Jayson Vayson

Personal information
- Nickname: Striker
- Born: Jayson Paden Vayson May 11, 1998 (age 28) Veruela, Agusan del Sur, Philippines
- Height: 1.63 m (5 ft 4 in)
- Weight: Mini-flyweight; Light-flyweight; Flyweight;

Boxing career
- Reach: 168 cm (66 in)
- Stance: Orthodox

Boxing record
- Total fights: 19
- Wins: 15
- Win by KO: 8
- Losses: 2
- Draws: 1
- No contests: 1

= Jayson Vayson =

Filipino boxer (born 1998)

	Jayson Paden Vayson (born 11 May 1998) is a Filipino professional boxer who held the WBO Asia Pacific light flyweight title in 2023.

==Education==
Vayson went to Sinobong National High School for his studies.

==Professional career==
===Early career===
On October 15, 2016, Vayson made his professional debut against Cotabato del Sur's Frankie Batuon, eventually, Vayson came out victorious via 3rd-round technical knockout, by October 2018 to September 2019, Vayson amassed a record of 8–0 before tying with subsequent IBF mini-flyweight champion, Rene Mark Cuarto.

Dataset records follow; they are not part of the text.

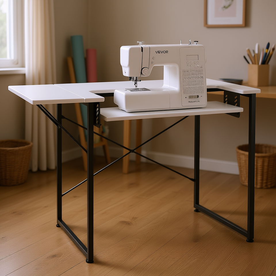 Table de couture pliable blanche avec pieds en acier réglables, portable, pour usage domestique et en studio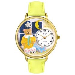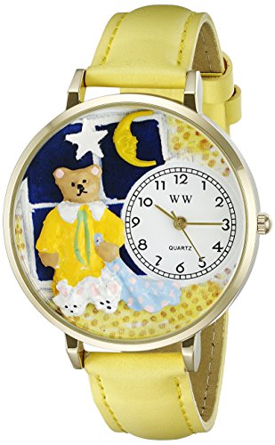 Amazon.com Celebrate your favorite teddy bear with the Whimsical Watches Unisex Night Teddy Bear Yellow Leather Watch #G0230006. This fun and fanciful watch features a fanciful teddy bear-themed scene alongside a circular white time display with gold-tone hands and Arabic numerals. Precise, high-quality Japanese quartz movement ensures time-keeping reliability, while the yellow leather band offers a secure, comfortable fit. A gold-tone stainless steel bezel surrounds the 42-millimeter case and rounds out the details of a watch that anyone who loves teddy bears is sure to appreciate. This whimsical watch is water resistant to 100 feet (30 meters). 0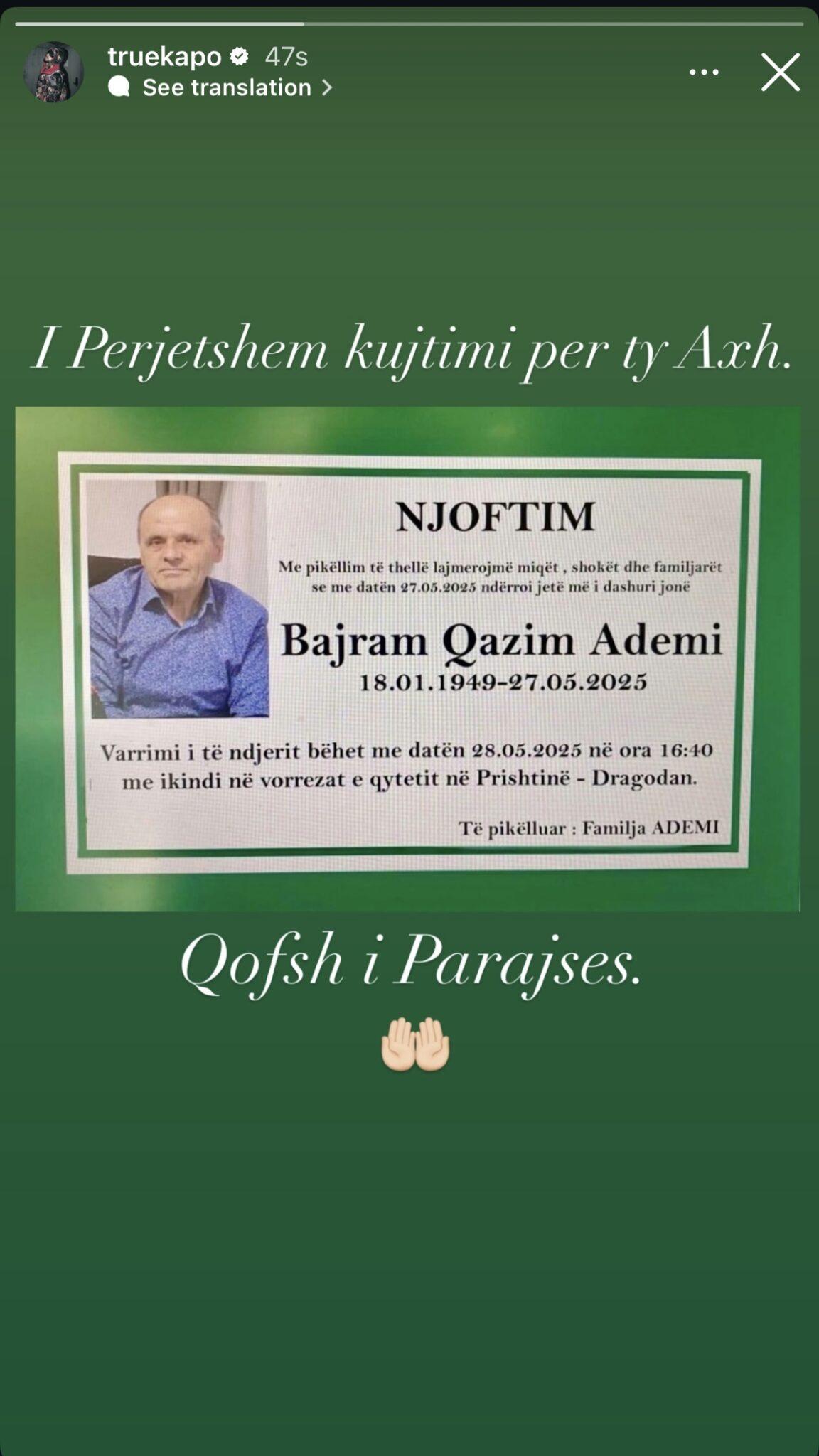 “Sot e varrosëm axhën tim të vetëm, ndjeva nevojë me ju falenderu nga zemra për pjesëmarrjen e madhe në varrim poashtu për ngushëllimet e shumta në këto kohë të vështira për mua dhe familjen,” shkruan ai në një foto të publikuar nga varreza.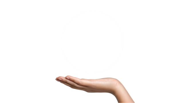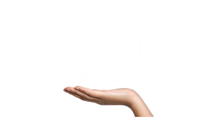 Woman hand with palm facing upwards extends, creating empty space for holding, receiving, or presenting an object, concept, or text on a clean background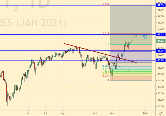 Growth scenario: December futures, expiration date December 31. The goals have been achieved. Those who wish can stand still, but at the same time it is worth tightening stop orders, but for the rest who bought from 42.00, we recommend closing longs. Falling scenario: here we need to sell up to the level of 52.00. We have the right to count on a correction to 45.00.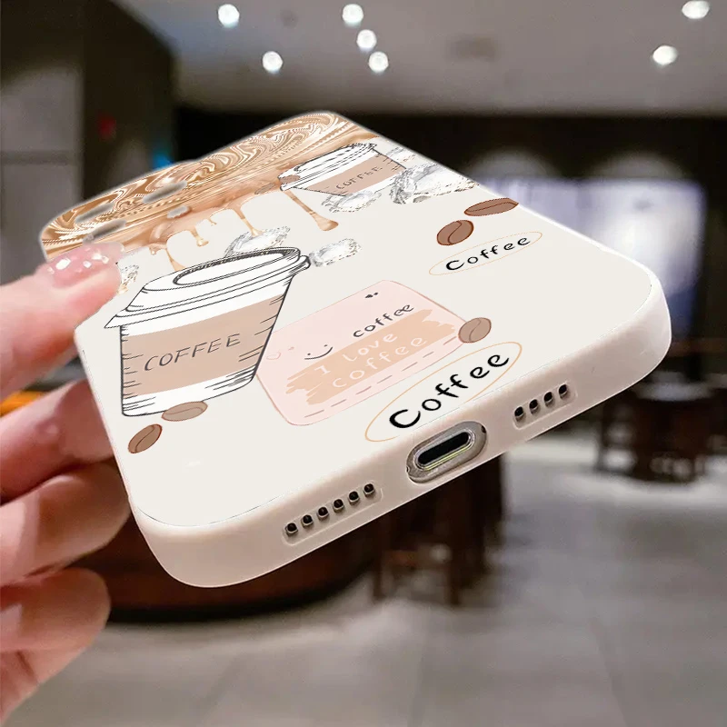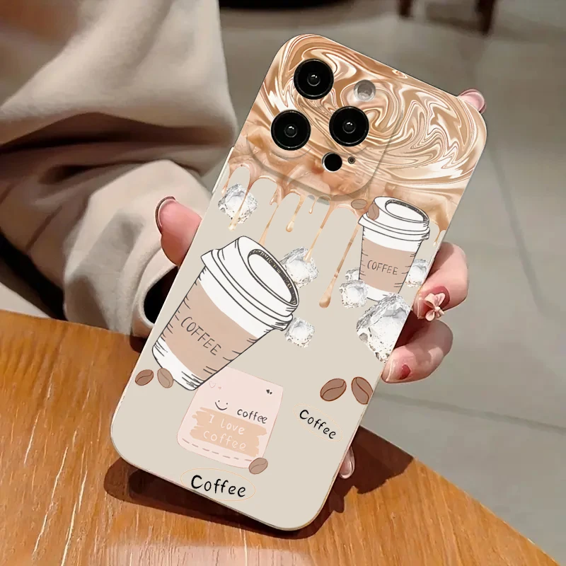 Funda de café con forma de cubo de hielo de sensación superior para iPhone 11 12 13 14 15 Pro Max XS X XR 7 8 Plus 15 cubierta de parachoques de silicona suave a prueba de golpes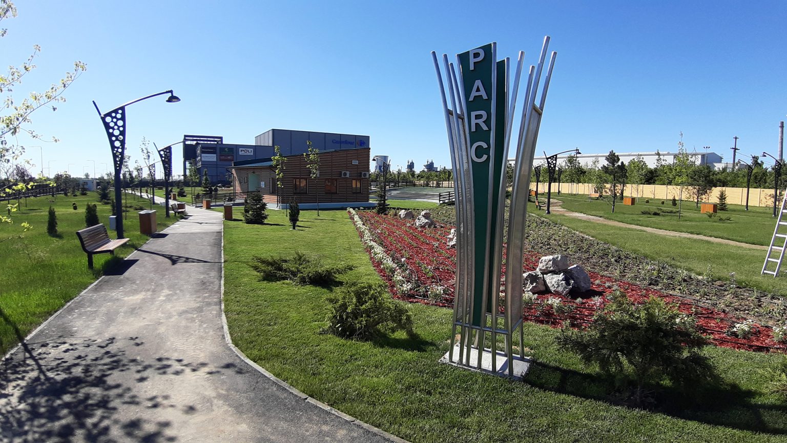 Vorbim de 14.000 mp de spațiu verde, aproximativ 500 de arbori și arbuști din specii rășinoase și foioase, sistem automat de irigații, iluminatul ambiental modern, piațeta și fântâna arteziană, locul de joacă și de fitness, biblioteca în aer liber, aleile pietonale și pistele pentru biciclete.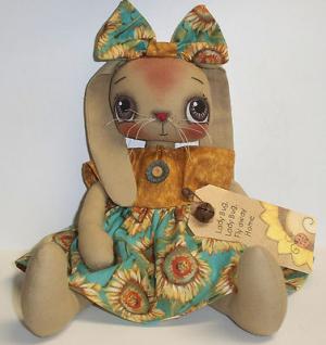 PriMiTiVe Folk Art RaGGedY DoLL BuNNy TaG SuNFloWeR RaBBiT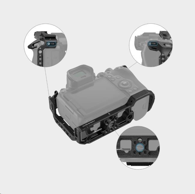Umísťuje se na Canon EOS R6 Mark II pomocí jednoho spodního šroubu 1/4"-20 a dvou bočních zajišťovacích adaptérů a má gumové podložky, které zabraňují poškrábání.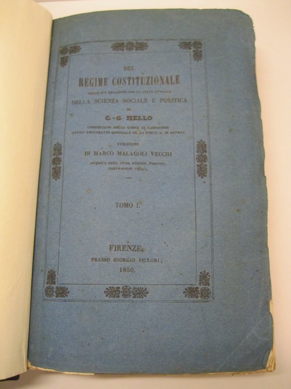 2 voll. leg. in uno, in 8, pp. 338; 298. T. tl. mod. (cons. le br. ed.). Bibl. Einaudi, 2872 (cita l'ed. francese 1849). Prima edizione italiana di questo testo poco conosciuto e di grande interesse. Scritto nel 1827, pubblicato prima del colpo di stato del 1830 e' stato varie volte modificato col succedersi degli avvenimenti politici in Francia. Si tratta delle libeta' individuali, dei culti e della liberta' di stampa, della proprieta', della divisione dei poteri etc.

Vayson was expected to face world-class compatriot, Mark Vicelles on October 30, 2021, however, a month before the bout was supposed to take place, on September 24, 2021, Vayson withdrew from the fight due to an apparent injury sustained in training.

===Vayson vs. Monabesa===
After 2 years of Inactivity, Vayson returned against former IBO and the then current WBC International light-flyweight champion, Tibo Monabesa for Monabesa's WBC International title on February 27, 2022, at Holywings Club, Jakarta. Vayson and Monabesa would both show an incredible clash with Vayson scoring a knockdown in rounds 3 and 9 while Monabesa scored a knockdown in round 8, although, Vayson seemed like he outperformed Monabesa, the judges scored it: 94–94 even, 95–93 and 95–94 for Monabesa, causing Vayson's coach, Allan Alegria to file complaint afterwards. On March 7, 2022, the WBC declared the bout as no contest, stating: "The 10 judges who evaluated the fight during this process scored the fight in favor of the Philippine challenger by a wide margin", the WBC was also informed that the panel of officials were all local and not a neutral one, therefore, Monabesa would keep his title and Vayson would remain undefeated.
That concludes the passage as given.